For the rest of the examples from this article:
- examples with ENUM: yes, strange, albeit
documented behavior. But in general there are much more
serious reasons for not using ENUM, which apply to any DBMS.
- examples with UNION and INNER JOIN - yes, a lot of problems with the parser, and there are no objections here. I have heard about plans to rewrite the parser in MySQL for many years, and the work has finally
begun , which is good news.
- example from
bug # 27877 : an infamous nuance with the sorting rules for the German language and a bunch of compatibility issues and upgrades. But the solution to this problem has existed for 3 years as basically MySQL, and in MariaDB and Percona Server the solution appeared even earlier.
Updated 03/24/2016: But a
recent example of a no less serious problem with encodings in PostgreSQL.
Summing up, I do not see in such things reasons for the typical conclusions that they make. If someone thinks that there is no such thing in other DBMS, then
I have bad news . Since we are talking here in the context of PostgreSQL, you can search for the keywords “postgresql gotchas”, where funny things happen.
If you try to generalize it and formulate it correctly, then I would say so.

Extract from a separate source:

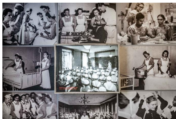
Högskolans utställning om Röd Korsets sjuksköterskeutbildning.

In MySQL, compliance with SQL standards has never been a priority, and overall compliance is lower than in many other DBMSs, including PostgreSQL, where compliance with standards is one of the top priorities.
But love MySQL is not for it , and more on that later.
Updated 11/22/2015: There are exceptions to the general rule, i.e. Cases where MySQL supports the standard (s) better than PostgreSQL.
An article on the topic .
Conclusion
I'm still going to write separate publications on the replication and comparison of MySQL with PostgreSQL from the user's MySQL point of view. But before that I would like to close the topic of MySQL criticism from the PostgreSQL community. This is important because such publications are expected to cause a flurry of comments in the style of "no community and divides by zero quietly!". In order not to answer many times, it is more convenient to collect all the answers in one place. Thank you all for the comments, I hope I did not miss anything.